Re: CSS Opacity

Hello,

>> Just to confirm:
>> body { opacity: .5; }
>> and
>> #photo { opacity: .5; }
>>
>> will result in a opacity of 0.5 and not 0.25, right? 
>> Meaning the values are absolute not relative.
> 
> No, and that would be rather surprising. Under this model, if you want
> to modify the opacity of a whole sub-tree uniformly, you would have to
> modify the opacity property of each and every element in it, and you'd
> expect that you can decrease the opacity of a child element relative
> to its parent, whereas this thread is about not being able to do that.

So, would it work if opacity values were not restricted to [0;1]?
Now I properly slept about it I think, you would have to render
everything into several bitmaps first and then blend it all together in
the final step, because if the document would look like this:

<a opacity="0.5">A
  <b opacity="0.5">B
    <c opacity="4.0">C</c>
  </b>
</a>

"A" should be displayed with an effective opacity of 0.5, "B" with 0.25
and "C" with 1.0

But if the tree is rendered recursively, C would be blended into B and
that composite then be blended into A which is finally blended into the
background.
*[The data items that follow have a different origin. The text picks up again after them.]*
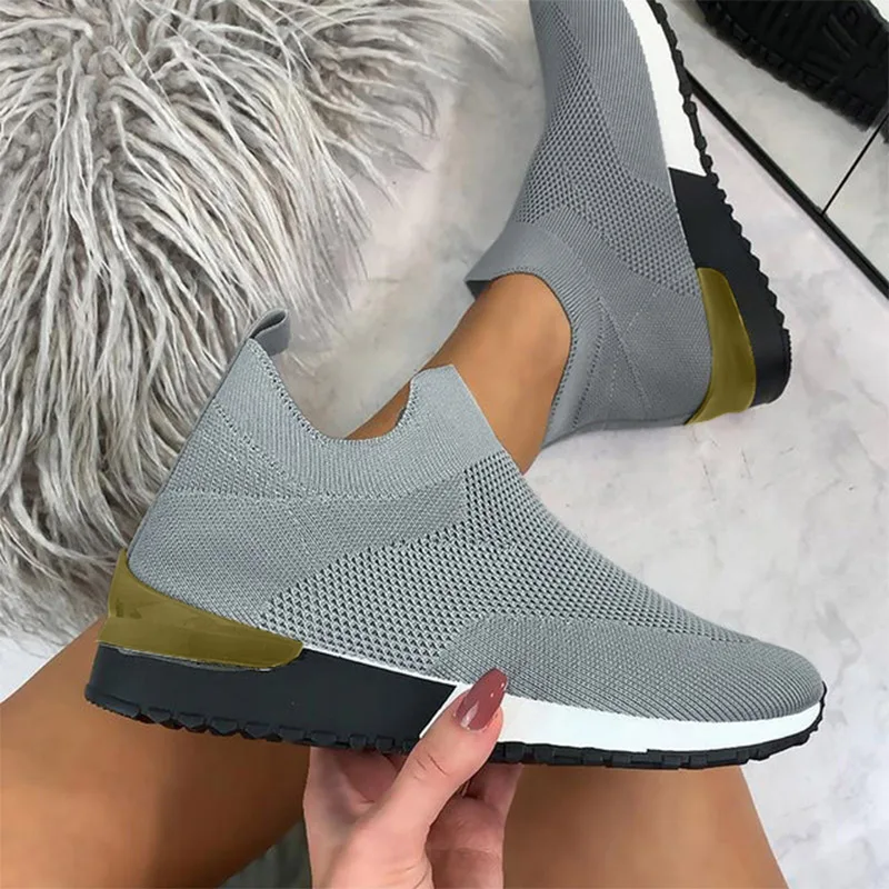Женские кроссовки для бега, весна 2021, женские кроссовки без шнуровки, вязаные, дышащие, повседневные, женские кроссовки большого размера, на плоской вулканизированной подошве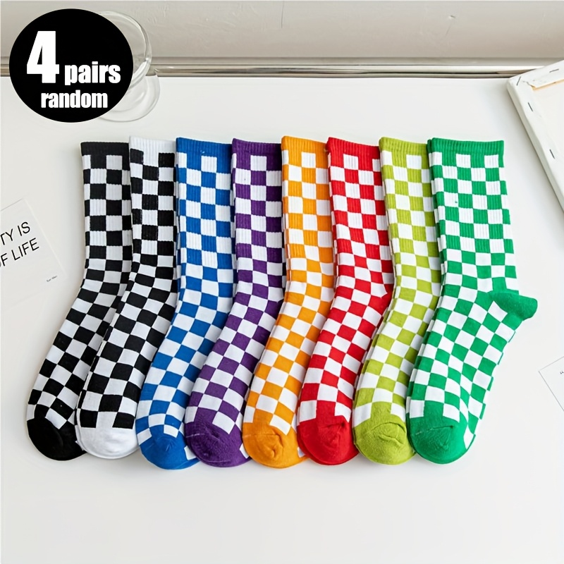 TEMU 여성을 위한 무작위 4 쌍의 양말, 중간 튜브 양말, 컬러 매칭 플레드 트렌디하고 패션적인 고가의 여성용 양말, 봄과 가을에 적합한 얇고 통기성이 좋은 습기를 흡수하는 양말, 스포츠 캐주얼 스타일 칼리지 스타일 우아한 여성용 중간 튜브 양말, 일상적인 사용에 적합합니다.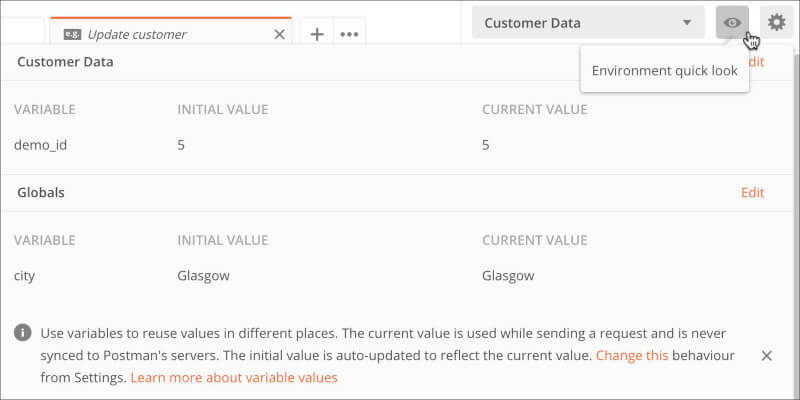 Postman 允许用户在发送和接收时使用变量,以提高工作效率和可读性(不过只能保存字符串类型的值,所以复杂数据类型需要借助于 JSON.stringify() 和 JSON.parse() 来管理)。

So when rendering <b> "locally" it would look like "B" had
an opacity of 1.0 and "C" one of 4.0 which causes a problem...

So some algorithm would be needed that allows opacity >1 but makes sure
that the "effective" opacity of no pixel will be out of [0;1]...

Maybe it is a bit of an overkill to implement this only for some little
effect nearly nobody uses (there are more pressing problems, really).